At Philips’ headquarters in Hamburg, Germany, Interface’s Equilibrium carpet tiles were selected to help overcome the acoustics challenges presented from an open plan office.

Of course, a great product exceeds simple usage. It must also deliver design aesthetics that help create +Positive spaces and contribute to people’s well-being. Keeping up with design trends and anticipating what’s around the corner, we’re creating products that enhance a space and the people who use it – from mixed materials (think carpet tiles married with LVT) to unique patterns, colours and textures inspired by nature.

Cues from nature

Spaces that reflect the beauty of the natural world provide positive experiences for occupants. And products that are designed with nature in mind offer huge benefits not just from a beautification standpoint, but also from a sustainability perspective. Employing biomimicry in product development uses nature’s innovations and unique patterns to create a better product. From carpet tiles inspired by the random beauty of a forest floor to glue-free installation systems that mimic a gecko’s ability to adhere to surfaces.

Use of biophilic design in the workplace has a strong, measurable impact on key employee outcomes such as well-being, productivity and creativity. According to the Human Spaces report into the Global Impact of Biophilic Design in the Workplace, those who work in environments with natural elements report a 15% higher level of well-being, a 6% higher level of productivity and a 15% higher level of creativity than those who work in environments devoid of nature. From floor to ceiling, products used in a space can facilitate a connection with nature through colour, light, pattern and accessibility to the natural world.

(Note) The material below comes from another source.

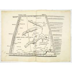 Attractive woodblock map, depicting the Caspian Sea, Black Sea and the Persian Gulf, extending to the Imaus Mountains. according to Ptolemy. In the center of the map is...

A better product must also interact in a healthy way with the world around us. Today’s products should do more with less – using fewer resources and delivering smarter, more sustainable solutions. In our case, that means reinventing products to reduce and even eliminate carbon emissions, waste and energy use.

Products that interact with the space and its users

A space can be as small as your favorite booth at a restaurant or as big as a city. Applying that theory to built space, it refers to the ability of an interior environment to provide a range of specific, spatial moments that offer people the choices, tools and permission to work as they see fit.

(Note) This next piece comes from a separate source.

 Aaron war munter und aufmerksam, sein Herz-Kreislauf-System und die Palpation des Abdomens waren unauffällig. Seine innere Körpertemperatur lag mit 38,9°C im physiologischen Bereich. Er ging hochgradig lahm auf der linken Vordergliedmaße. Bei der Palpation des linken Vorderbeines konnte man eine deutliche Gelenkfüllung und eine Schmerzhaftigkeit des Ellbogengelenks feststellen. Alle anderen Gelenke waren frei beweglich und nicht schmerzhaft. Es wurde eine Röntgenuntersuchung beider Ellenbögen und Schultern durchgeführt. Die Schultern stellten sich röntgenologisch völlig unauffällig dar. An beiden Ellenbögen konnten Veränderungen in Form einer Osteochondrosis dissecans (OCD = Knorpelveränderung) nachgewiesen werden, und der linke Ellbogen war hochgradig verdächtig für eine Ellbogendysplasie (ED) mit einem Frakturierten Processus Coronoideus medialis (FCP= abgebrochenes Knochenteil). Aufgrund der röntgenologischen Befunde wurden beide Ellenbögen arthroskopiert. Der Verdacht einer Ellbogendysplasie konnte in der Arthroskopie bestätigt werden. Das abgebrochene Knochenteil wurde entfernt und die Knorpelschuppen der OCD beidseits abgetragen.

At Interface, we believe our flooring solutions have the power to move people. With the expertise of architects and designers, the floor can contribute to a space that lets its users thrive, so they can live, work, learn and regenerate.

Philips’ headquarters in Hamburg, Germany

Interface’s Equilibrium carpet tiles were used to help simplify orientation within the Philips headquarters building, promote intuitive wayfinding, indicate the purpose of individual areas and point out places for retreat.

When selecting products for a space, it’s important to take a holistic view and to not just consider them as individual products, but rather systems. Like modular furniture, the best products should interact and “play well” with other things in the space, as well as the world and environment.

Today’s challenge is to develop spaces that enhance the productivity, creativity and well-being of those who use them. Ultimately, the products used in today’s spaces must allow for flexibility – so people can grow and create their own ways of work and play. Spaces succeed if they respond to feedback and change to meet the new cultural conditions – a need in all kinds of built spaces, as well as the products that go into them.